# 15 years old SureFire 6P (Laser Products Germany?)



## HEK_Hamburg (Nov 27, 2004)

Hi,

yesterday I met a good frind. Hes an officer too but he is doing this job for almost 20 years.

He showed me his old SureFire 6P. I was wondering becuz I only know the new types. He said that the light is 15 years old!

The Lamp Body was 100% round and there was no SureFire logo on it. But the tailcap has a "Laser Producs (or may "Institute") Germany" on it.

Does that mean that SureFire have had special logos for German lights?
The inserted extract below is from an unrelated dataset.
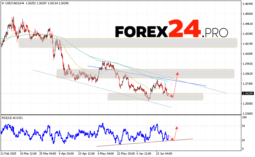 Canadian Dollar Forecast USD/CAD for July 2, 2025suggests an attempt to test the support area near the 1.3585 level. Further, growth will continue to the area above the 1.3865 level. An additional signal in favor of the rise of the Canadian dollar on Forex will be a test of the support line on the relative strength indicator. A fall and breakout of the 1.3505 level will cancel the USD/CAD growth scenario. This will indicate a continuation of the decline in the asset’s value with a potential target below the 1.3325 level.

All I know is that he bought the light when he was a member of the BGS (Federal Border Police).

Do you think that the light is a little treasuere /ubbthreads/images/graemlins/icon15.gif, or is it just an old SureFire? /ubbthreads/images/graemlins/grin.gif

Greetings, Metin

P.S. I can get a picture if anybody is interested in!?

Forgive me! My english just /ubbthreads/images/graemlins/icon15.gif /ubbthreads/images/graemlins/icon15.gif /ubbthreads/images/graemlins/icon15.gif


----------



## PhantomZ (Nov 27, 2004)

you can compare your friends light with the pictures from this link, http://www.candlepowerforums.com/ubbthreads/showflat.php?Cat=&Board=UBB2&Number=434912&page=0&view=collapsed&sb=5&o=&fpart=all

there are a few pics with an old SF 6P~


----------



## K-T (Nov 29, 2004)

SureFire didn't have special logos for German lights, they just "changed" names once. When PH-Import was (and still is) the main distributor, some tailcaps had the initials PH engraved: 6P-PH or 12ZM-PH. I have also seen a 6P from Swiss with 6P-CH, so it seems that this way they tried to sort out where some lights came from. If that was an official thing I don't know.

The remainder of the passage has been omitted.